Lots of other people are dressing more casually, too, although not everyone's style is quite so Technicolor. The news was filled recently with stories of necktie manufacturers ready to hang themselves because of dropping sales -- even the business of business suits is taking a tumble. Things got so bad that the Winston-Salem city manager, Lee Garrity, had to issue a memo identifying just how casual is too casual.

I've never quite understood the American emphasis on business attire as instrumental to the success of business itself. It seems to me that if you do a good job at what you're being paid to do, and you're reasonably clean and well-groomed, it shouldn't really matter what you wear to work.

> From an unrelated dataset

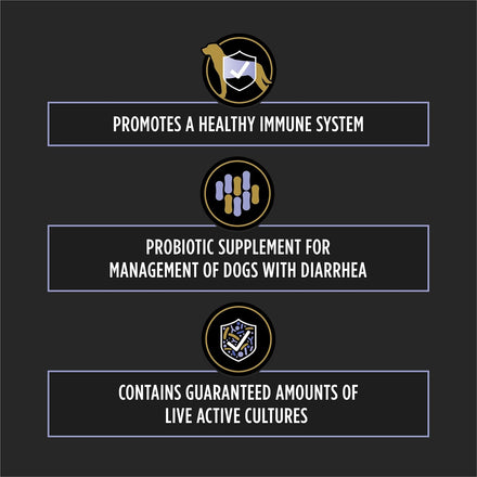 - Probiotic supplement for the dietary management of puppies and adult dogs with diarrhea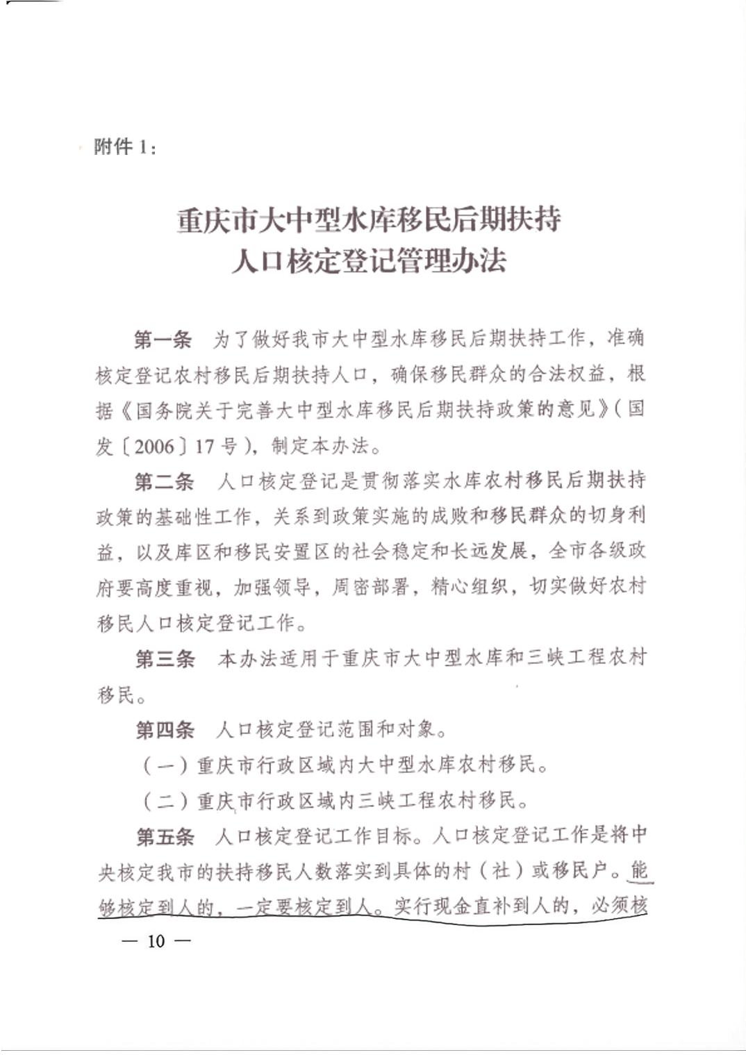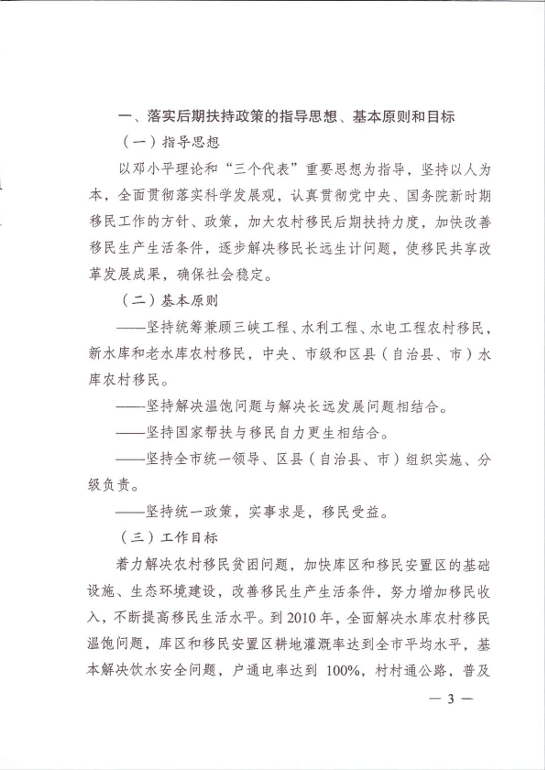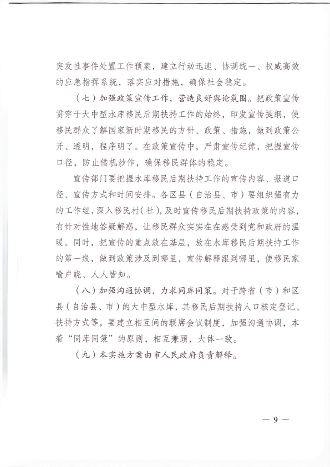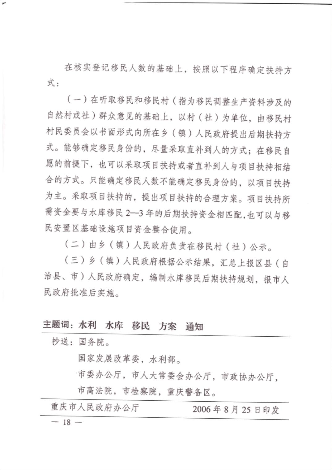 重庆市大中型水库移民后期扶持政策实施方案

There's something called the fashion industry that has already won that argument, so I'll just continue my silent protest against The Man in the Gray Flannel Suit via the convenient and comfortable symbol of the Hawaiian shirt.

Just today I made a pass through the Goodwill store on Waughtown Street and happened upon a delightful polyester number. It is a magnificent fluorescent orange, with bright purple palm trees, and my guess is that it dates from the early 1970s.

I love it. No car will ever hit me at night when I'm wearing this shirt.

Unless I'm in Hawaii at sunset.

■ Dale Pollock, a former dean at the School of Filmmaking at the N.C. School of the Arts, now teaches film there.